Going through tough times shapes you, strengthens you, and ultimately builds confidence.
I know you are probably thinking that I’m off my rocker saying this, because in the midst of turmoil, we oftentimes feel weak, self-conscious, and oftentimes even embarrassed. Think about it. Say that you are going through extreme financial hardship. During those times, you feel weak and helpless. But it also makes you strong, and to do whatever you need to do in order to provide; and when you overcome it, you feel on top of the world. When it came to my marriage, that tough time ultimately gave me strength, courage, and self-respect, and gave me a voice to stand up for myself, and to know what I want and don’t want. I became a more confident and more well-rounded, happier person.
Another person cannot complete you.
You have to complete yourself, and look to another person to add to an already complete you. When I look back, I got married because I was unhappy living at home and I thought that this person would make me happy. What I learned, though, is that even if this person was my dream person, if I wasn’t happy or fulfilled myself, then it wouldn’t have worked anyway. After I got divorced, I worked hard AT LOVING MYSELF for almost 10 years, before I felt complete enough to be in a committed relationship. Again, I’m not trying to paint a perfect picture here. I have bad days; I do sometimes feel sorry for myself and want my partner to make me happy. But he cannot do that for me. He can support me, listen to me, and be a sounding board, but he cannot make me a complete person. The takeaway? Do what ever you need to do to take steps towards loving yourself.
Be in a relationship (or want one) for the right reasons.
At the time, my friends started getting married (early), and I thought it was exactly what I should be doing. Don’t get into any relationship because others are doing it. Enter a relationship on your own time and on your own terms. You’ll be a much better partner for it.
Love isn’t enough to make a relationship work – it’s the baseline, but it’s not enough.

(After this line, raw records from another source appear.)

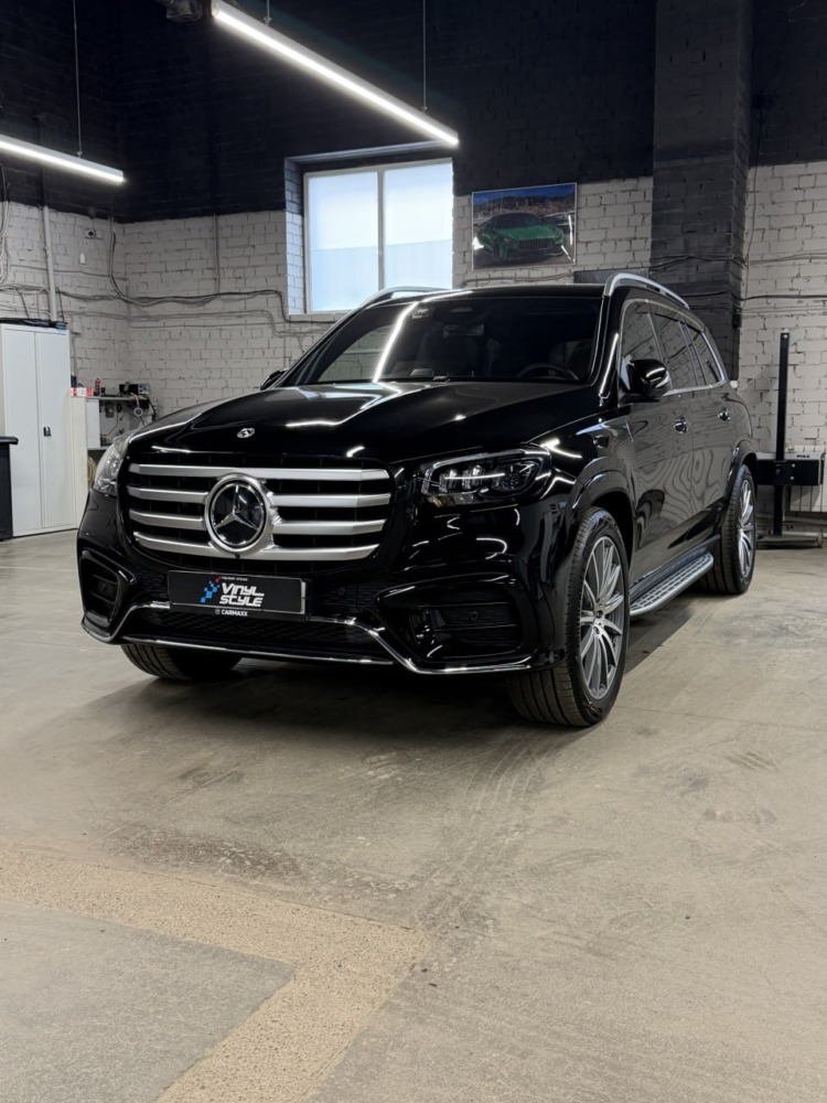 Кожаные не промокающие 3Д ковры с высокими бортами в комплекте с ворсовыми защитят заводской ковролин Mercedes GLS от влаги и грязи.
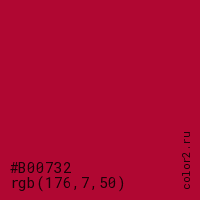 Цвет #B00732 в цветовой модели RGB обозначается тремя октетами (176, 7, 50) в десятичном формате и #B00732 в шестнадцатиричном (hex) формате, которые являются интенсивностью красного 176 (hex B0), интенсивность зелёного 7 (hex 07) и интенсивность синего 50 (hex 32).
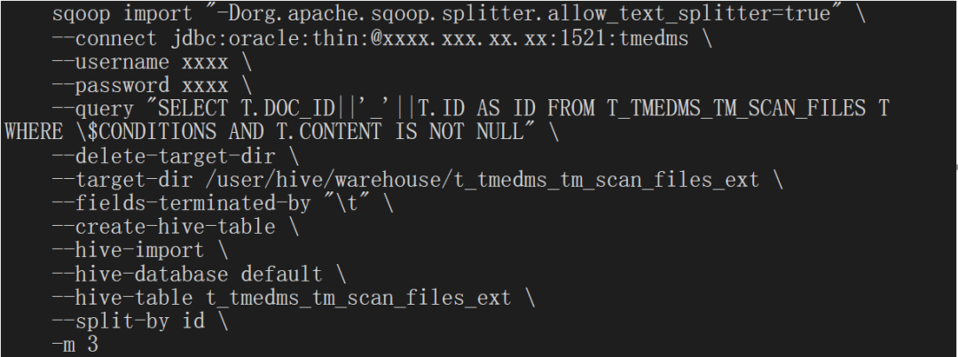 使用SQOOP执行数据迁移的目的是需要将Oracle中的结构化数据(ID)迁移到Hive中,然后在Hive中计算要预分Region的RowKey值:
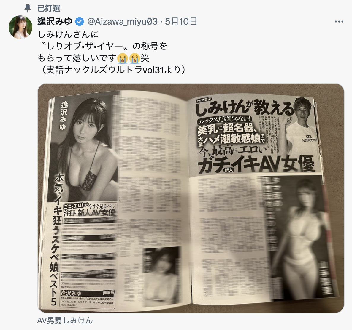 逢沢みゆ(逢泽美优)对此非常骄傲,直接把杂志的内容放上自己的X(https://twitter.com/Aizawa_miyu03),比较可惜的是虽然有偶像资历又是大型片商出道的顶级女优,但逢沢みゆ(逢泽美优)出自被八大门派抵制的All集团让她不太容易到海外做活动,不过有了这篇访谈,搞不好马上就有业者行动了〜
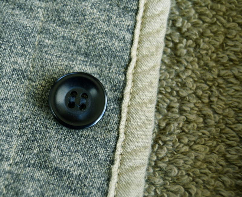 杢生地ベースを選定し反応染めを施す事で表情豊かで雰囲気あるスウェットカーディガンに仕上がっております。
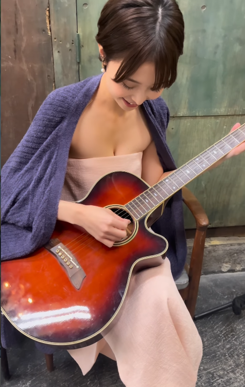ギターを弾く渡邊渚さんのインスタリールですがギターより谷間を見ちゃいますね!すみませんw肩出しのドレッシーな姿にもエロスを感じます(2026/01/24更新)

I remember the best advice that my mom gave me when I was thinking about leaving my ex-husband. She said, “Nicole, I have two questions - do you love him? And does he respect you? If the answer to both of those questions is ‘yes,’ then you need to go home and make it work because relationships are hard.” I knew very clearly that the answer to both questions was ‘no.’ But if I did love him, and he did not respect me, then that wouldn’t have worked either. In my current relationship, I know that I both love my husband and he respects me. So when we start annoying each other, or fighting, or get so mad at one another that we even threaten to walk away, I always come back to those two things. Yes, I love him, and yes he respects me. And it’s mutual. So remember, while you need love as the basis for everything, there also needs to be RESPECT.